Further to several Notices to HMRC, one of their solicitors has written to my strawman. It is over two pages long so I quote a few excerpts from it below. My comments are in brackets and italics:
Dear Strawman
re: Strawman
I act for HM Revenue and Customs "HMRC".
(After such an opening, what more needs to be said?)
I have been passed the following correspondence:
Your letters to HMRC - (he lists the dates and they are not letters, they are Notices)
HMRC letters to you - (he lists the dates)
The correspondence relates to a payment of tax including accruing interest on the outstanding tax and a penalty owed by you as follows:
(He lists the amounts etc)
Your correspondence records a reluctance to pay the outstanding tax for the following reasons:
1. You have sent negotiable instruments described as 'presentments' reducing the amount of the balancing payment to zero.
2. You have described yourself as a 'blessed living soul', (etc, etc) and relied on such descriptions as the basis for asserting that no tax should be levied on or paid by you.
(He then quotes one of my paragraphs stating that living souls should not be taxed, unless HMRC can prove I am a government created fiction.)
I advise that HMRC is familiar with letters similar to your own that seem to be downloaded from a site in the United States of America. The subject matter of these letters have no force or legal weight in this jurisdiction and have no effect in respect of HMRC's statutory powers.
HMRC addresses all taxpayers by their legal names; in the case of individual taxpayers this is their name as registered on their birth certificate or if they have changed their name by deed poll the name registered on that deed, or in the case of a body corporate the name given in the Deed of Incorporation or partnership deed for that entity.
(The next paragraph says they have no record of my changing my name and he thinks jane of the doe family is another legal entity and they don't mind what legal entity I call myself).
It is not for HMRC to speculate on this point and until you establish otherwise you will be assessed on the basis of the current information which is that you are a living individual who is resident in the UK.
(He then quotes all the Acts and of course, I did file a self assessment return, hence the subject matter of this letter. He says it is now a statutory debt due and payable to the Crown. HMRC has a statutory obligation to collect this debt and will pursue me for recovery of the full amount if I fail to pay. If I wish to dispute ... etc. etc.)
We do not consider the presentments or the information contained in your letters provide any legal basis under UK law to resist payment of tax.
Until we see such documentary evidence HMRC will not change your form of address and will continue to correspond with you in your original name.
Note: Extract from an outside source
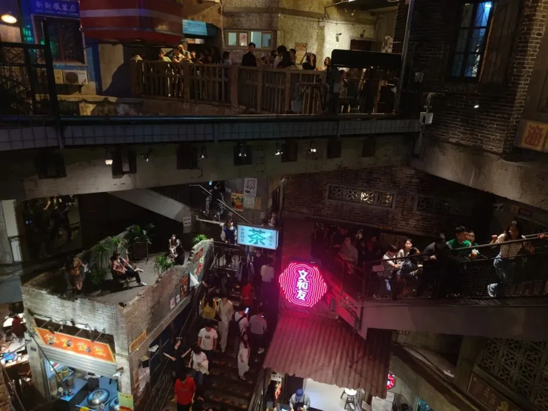 逛累了,便去文和友赴一场怀旧与美食的盛宴。走进海信广场的文和友,瞬间穿越回八九十年代的老长沙。复古的居民楼、斑驳的砖墙、怀旧的霓虹灯牌、老式的游戏机、旧时光的商铺布景,每一处细节都复刻着老长沙的市井风貌,既是美食聚集地,更是沉浸式的城市记忆博物馆。

Should you choose to ignore or fail to respond to such correspondence we will draw this letter to the court's attention if the issue comes before the court in support of any application that can be made for costs incurred in recovering payment of outstanding tax.
Yours faithfully
end-------------
Doesn't he know that when you start a letter with Dear Mr or Mrs, you should use yours sincerely at the end?
Incidentally, my first invoice on HMRC has been served.